UKFI Says Investor Interest in RBS Grows on Capital Gains

Interest in Royal Bank of Scotland Group Plc is building among potential investors as its capital position improves, according to U.K. Financial Investments Ltd., which manages Britain’s stakes in bailed-out banks.

UKFI has met or spoken with its advisers at JPMorgan Chase & Co. more than five times in the past month to discuss a potential reduction in the government’s 80 percent stake in RBS, Oliver Holbourn, UKFI head of capital markets, told lawmakers in London today. Uncertainty over conduct and litigation is holding up any imminent large-scale sale of shares, he said.

“If you speak to institutional investors, they will tell you that Ross has made very good progress this year in terms of trying to make RBS a simpler, better bank,” Holbourn told the Treasury Committee. “We need more clarity around conduct and litigation and we probably need more clarity around the future shape of the corporate and institutional business before we feel we could deliver a good outcome for shareholders.”

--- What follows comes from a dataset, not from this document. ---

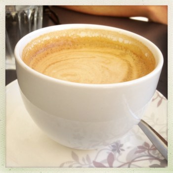 Our beverages arrived in ample time and although my coffee was excellent I was more interested in MS’ Banana Smoothie. Lucky for me he harbours no qualms about sharing his food or drink unlike yours truly. It’s the age old thing with me, I never wanted it until I saw someone else with it (unless it’s a pair of Jeggings). The same goes for food and drink. I can’t drink a whole can of soft drink but I will happily share yours. Anyway so the Banana Smoothie was delicious and used nice ripe bananas rather than nasty green ones that should have been left in the fruit bowl for another week to ripen. Like I said my coffee was excellent, apparently they were trialling a new brand and wanted some feedback which I happily provided giving it the thumbs up.

Chief Executive Officer Ross McEwan has created an internal bad bank, merged units and is scaling back its investment-banking operations as he attempts to return the Edinburgh-based firm to profitability, strengthen capital and enable the government to cut its holding. RBS said last month buoyant U.K. and Irish economies boosted the value of its souring loans, helping reduce impairment charges and capital. The lender received a 45.5 billion-pound ($74 billion) taxpayer bailout in 2008 and 2009.

“The issue for RBS is that our stake is incredibly large and therefore we would have to think very carefully whether selling smaller blocks of shares would deliver a good outcome for taxpayers in our desire to try and dispose of all the RBS shares on some sensible timeline,” Holbourn said.

Bonus Block

UKFI decided against permitting RBS shareholders a vote at the bank’s general meeting earlier this year on whether to allow bonuses of as much as twice fixed-pay to be paid to executives because of concerns of a “major public controversy,” UKFI Chairman James Leigh-Pemberton told the committee.

The manager initially backed the idea because “more variable compensation provides better alignment with shareholder interests,” and changed its position following talks with the government, Leigh-Pemberton said. He also said there’s been no material damage to RBS from people leaving as a result of the bonus decision.

“Whatever the reality, the perception will increasingly be that UKFI is being used as a fig leaf to disguise a high level of Treasury control of RBS,” Treasury Committee Chairman Andrew Tyrie said in a statement today. “UKFI should be wound-up and its resources absorbed back into the Treasury.”